In July 2007, a flood inundated Coffeyville, Kan. Officials at the Coffeyville refinery decided that to keep their crude oil tank from floating, they should pump it full of additional oil. But workers neglected to turn off the line after the tank had filled, Rathbun says. By 6:30 the next morning, 90,000 gallons of oil had coated the surrounding landscape, wiping out most of the east end of the town. “The refinery tried to portray this as [being caused by] an act of God,” contends Rathbun, who is representing businesses and farmers affected. “What it actually was, was that they let a tank run over—and it hadn’t been the first time a tank ran over at that refinery. And when a tank runs over in the middle of a flood, it causes catastrophic problems. There was oil clear down 20 miles into Oklahoma.”

Eighteen of the 20 cases that Rathbun filed have settled. At press time, he was awaiting trial for the remaining two. “The sad thing about it is if they had had any kind of emergency plan, it would have never happened,” he says.

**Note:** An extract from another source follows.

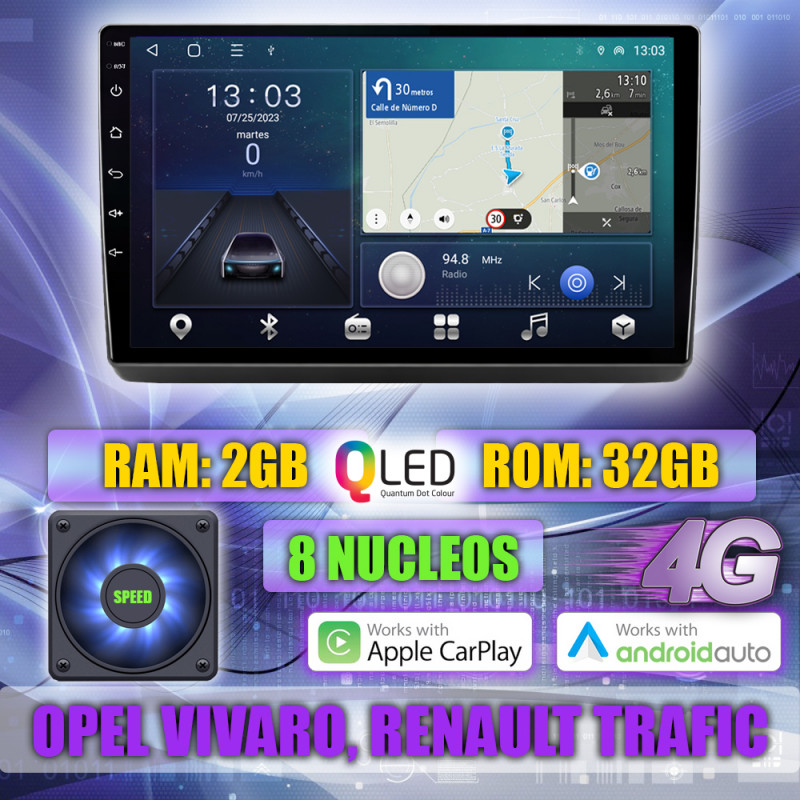 Pantalla QLED Táctil Multimedia para Opel Vivaro 2006-2010, Renault Trafic 2001-2006, Nissan Primastra 2006-2014 - Sistema Android TS18 Modernizado

With only 25 percent of his practice now devoted to environmental law, Rathbun has broadened his practice to include employment and civil rights law. “I have this white knight syndrome that I know drives my partners crazy sometimes,” Rathbun says. “But I think a jury can spot a phony a mile away—which requires me to believe with every fiber of my being that my clients are in the right and are being hurt by someone that doesn’t care about them.”

Though he takes his clients’ concerns seriously, Rathbun believes a sense of humor is crucial to the job.

“Look, I don’t like lawyers who take themselves too seriously, and I have never done that,” he says. “I have success with juries because I’m not a stuffed shirt. Life’s too short, and you need to enjoy every day of it. I’m just so blessed. I talk to so many people that hate to get up in the morning and go to work, and I’m just always eager to get in the office.” He laughs. “I guess that’s pretty pathetic, isn’t it?”